## [Aim of the task]
Copy out each line of the material exactly. Pictures do not belong in the copy.

## [Data provided]
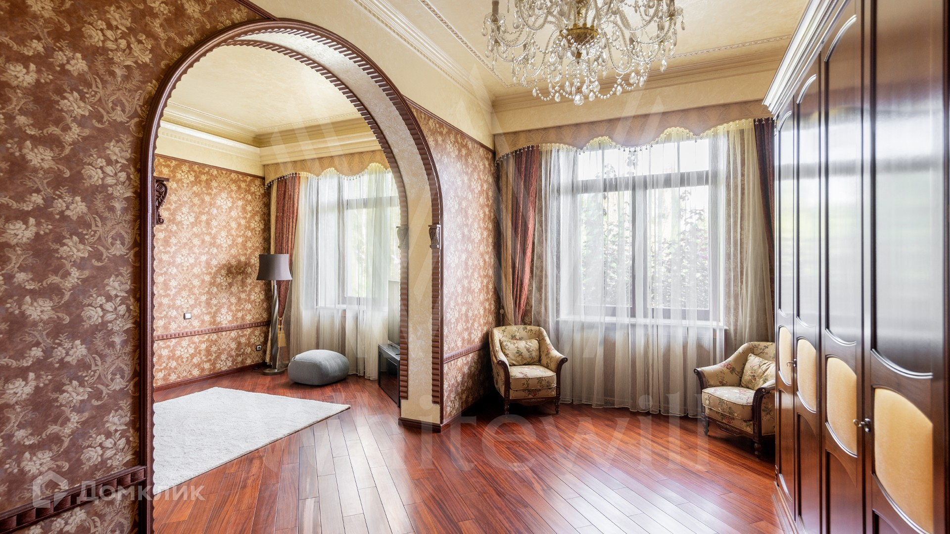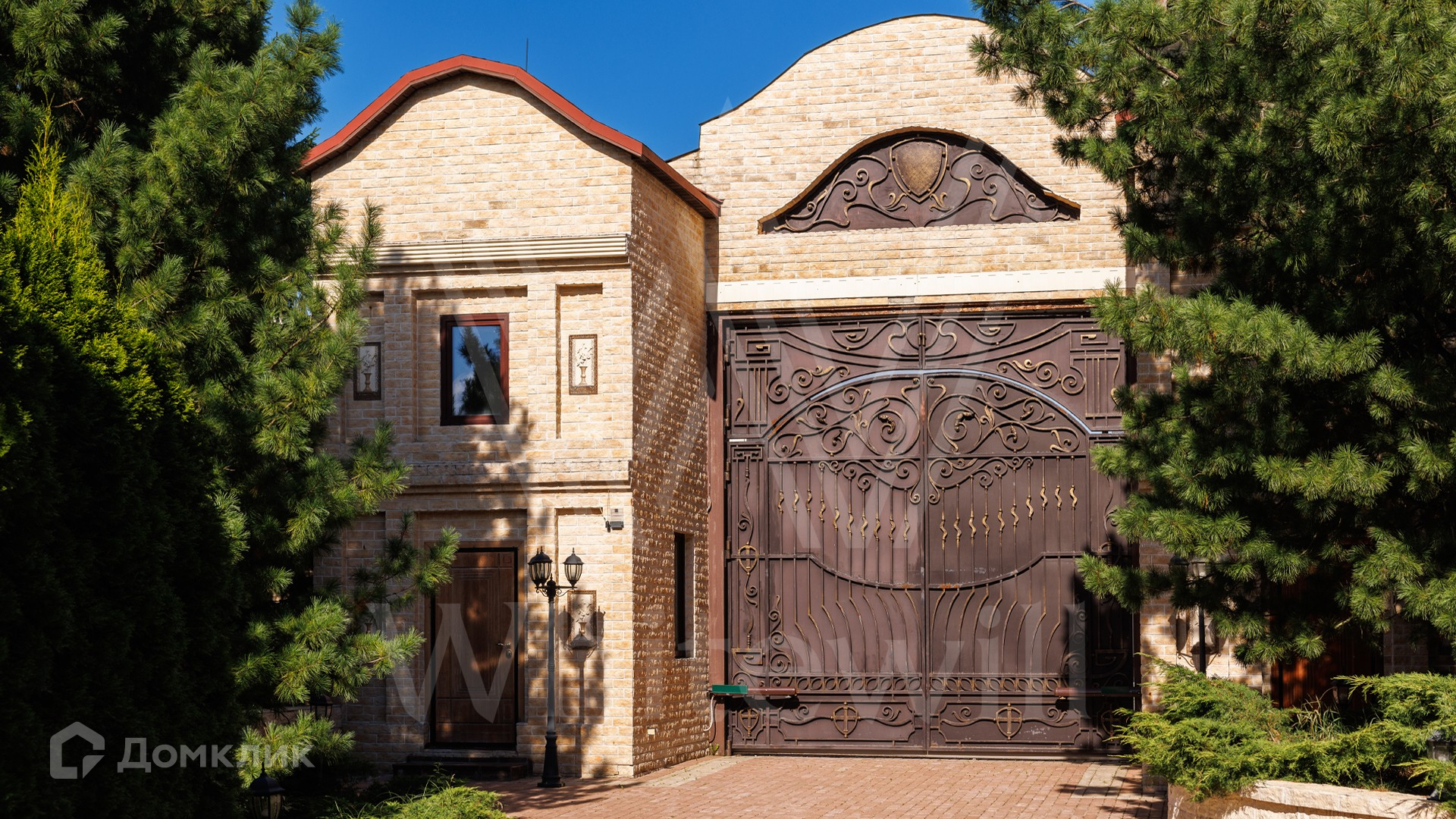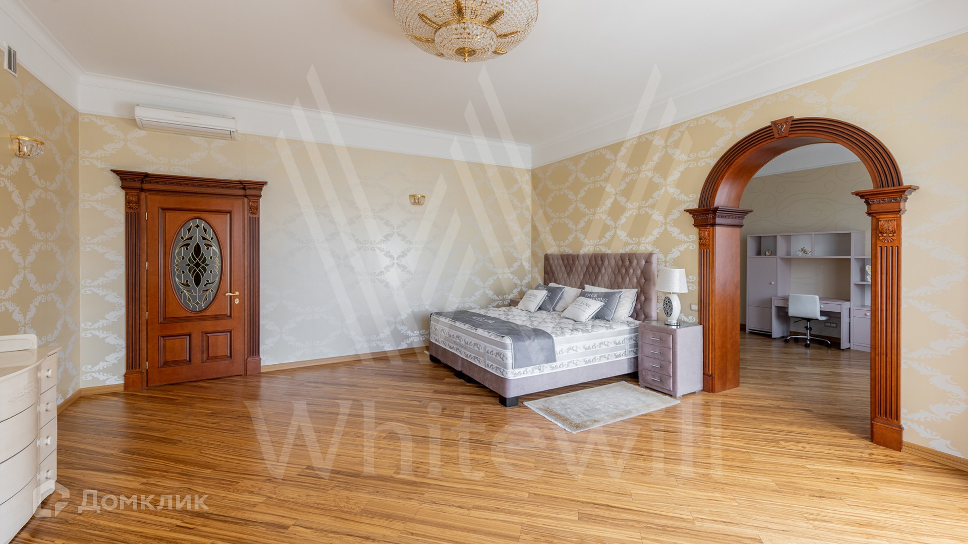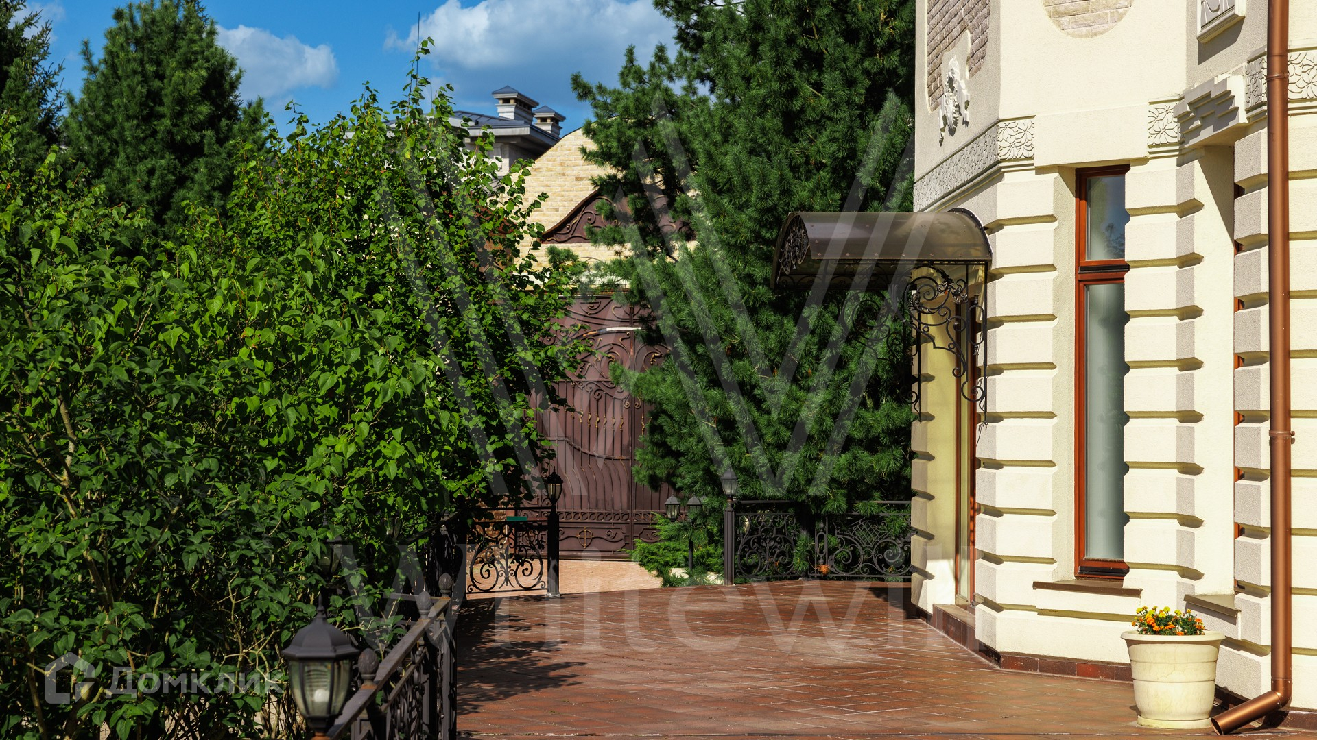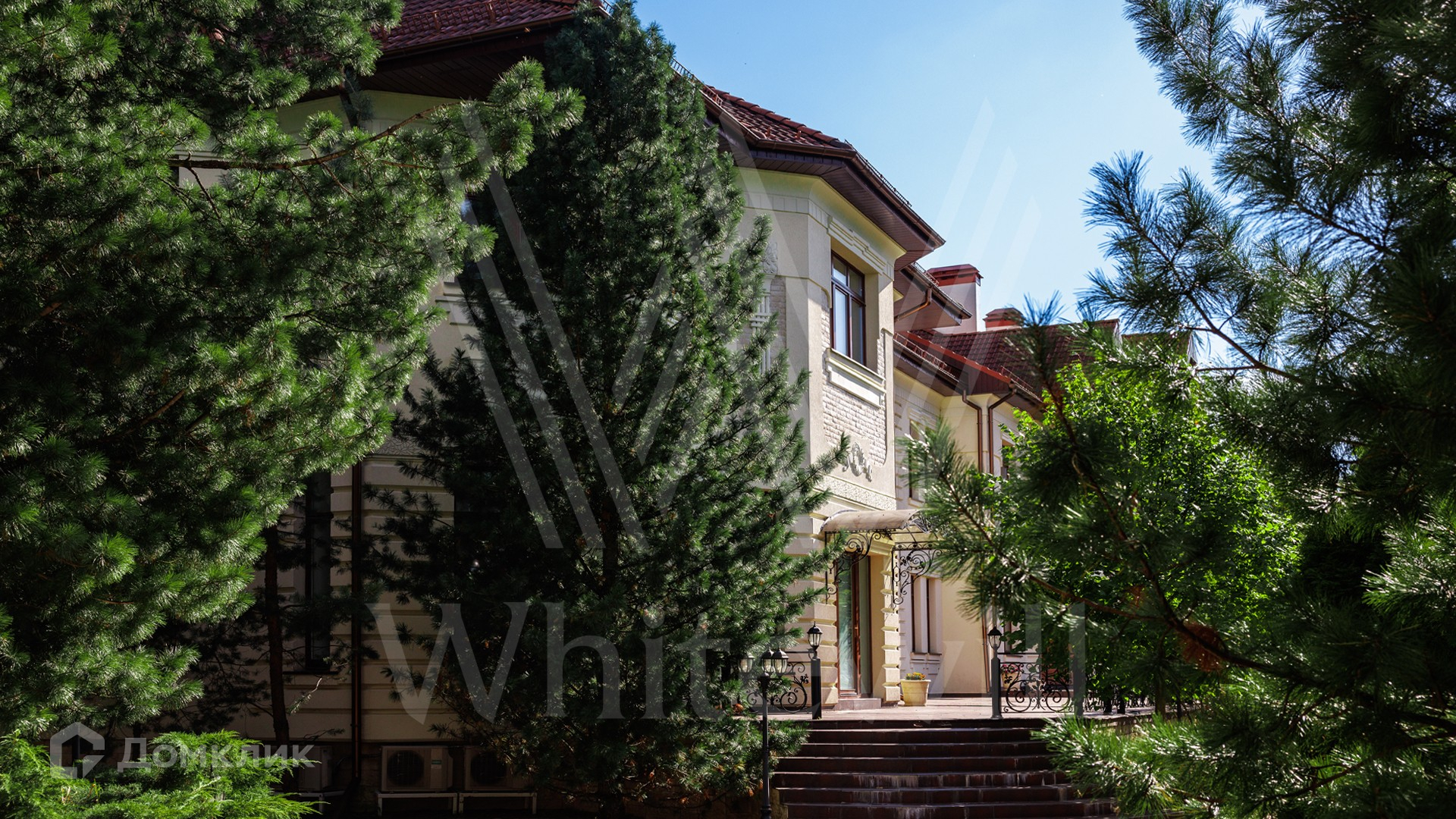 ID 11 773. Семёнково. Загородный особняк в стиле русского модерна площадью 2009 м² построен на просторном участке 0,9 гектара с собственным озером. Фасад дома облицован бежевой штукатуркой, декорирован панно, рустовкой и коваными элементами. В отделке интерьера использованы светлые, теплые оттенки, создающие атмосферу уюта. Планировкой резиденции предусмотрены 3 спальни, 2 гостиные, одна из которых с камином и вторым светом, кухня, 2 столовые, кабинет и SPA-зона с бассейном длиной 16 метров, хаммамом и сауной. На территории построены 4 гаража, гостевой дом, летний домик, беседка и зона барбекю, а также обустроены парк, сад, фонтан и паркинг. На участке с 2-мя въездами выполнены ландшафтный дизайн и дренажные работы, установлена система автополива, вымощены дорожки и оборудовано уличное освещение.
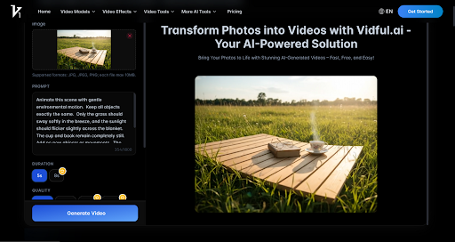 As a content creator, turning photos into high-quality videos used to be a time-consuming challenge. I often spent hours manually editing, trying to find the right transitions and effects to make my content stand out. That was until I found Vidful.ai, an AI image to video generator that changed my workflow. With just a few clicks, I can now convert photos to video in minutes, letting the AI handle the complex work of maintaining quality and creating smooth, engaging videos.
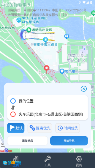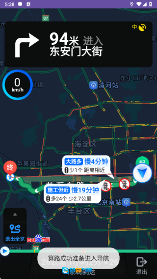 点击“开始导航”按钮,就能获取具体的路线指引,以及路线的全程距离等相关信息。
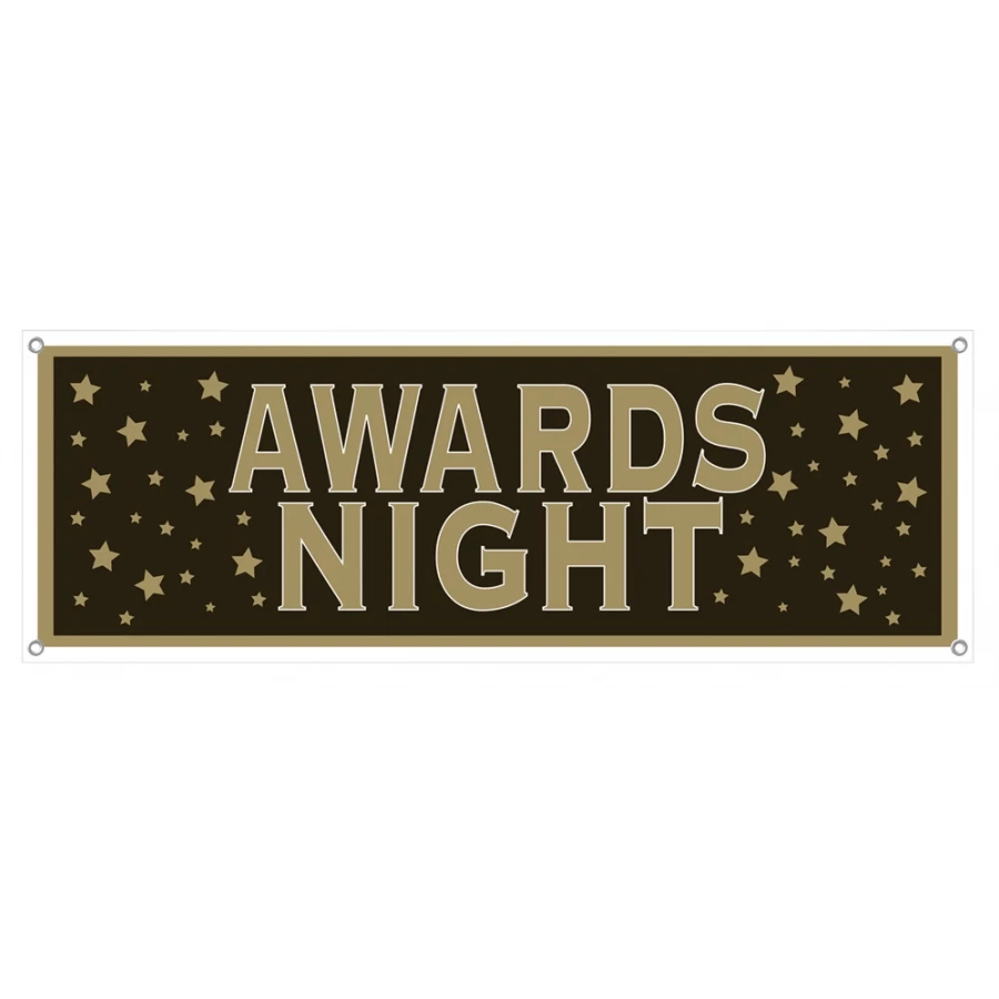 AWARDS NIGHT BANNER 21in X 5FT. A great banner for any awards night parties or any time you are honoring someone special. Gold-bordered banner with gold stars and the words “Awards Night” on a black field. Comes with 4 grommets and is all-weather use. The item measures 5′ x 21″.

## [Written response]
 ID 11 773. Семёнково. Загородный особняк в стиле русского модерна площадью 2009 м² построен на просторном участке 0,9 гектара с собственным озером. Фасад дома облицован бежевой штукатуркой, декорирован панно, рустовкой и коваными элементами. В отделке интерьера использованы светлые, теплые оттенки, создающие атмосферу уюта. Планировкой резиденции предусмотрены 3 спальни, 2 гостиные, одна из которых с камином и вторым светом, кухня, 2 столовые, кабинет и SPA-зона с бассейном длиной 16 метров, хаммамом и сауной. На территории построены 4 гаража, гостевой дом, летний домик, беседка и зона барбекю, а также обустроены парк, сад, фонтан и паркинг. На участке с 2-мя въездами выполнены ландшафтный дизайн и дренажные работы, установлена система автополива, вымощены дорожки и оборудовано уличное освещение.
 As a content creator, turning photos into high-quality videos used to be a time-consuming challenge. I often spent hours manually editing, trying to find the right transitions and effects to make my content stand out. That was until I found Vidful.ai, an AI image to video generator that changed my workflow. With just a few clicks, I can now convert photos to video in minutes, letting the AI handle the complex work of maintaining quality and creating smooth, engaging videos.
 点击“开始导航”按钮,就能获取具体的路线指引,以及路线的全程距离等相关信息。
 AWARDS NIGHT BANNER 21in X 5FT. A great banner for any awards night parties or any time you are honoring someone special. Gold-bordered banner with gold stars and the words “Awards Night” on a black field. Comes with 4 grommets and is all-weather use. The item measures 5′ x 21″.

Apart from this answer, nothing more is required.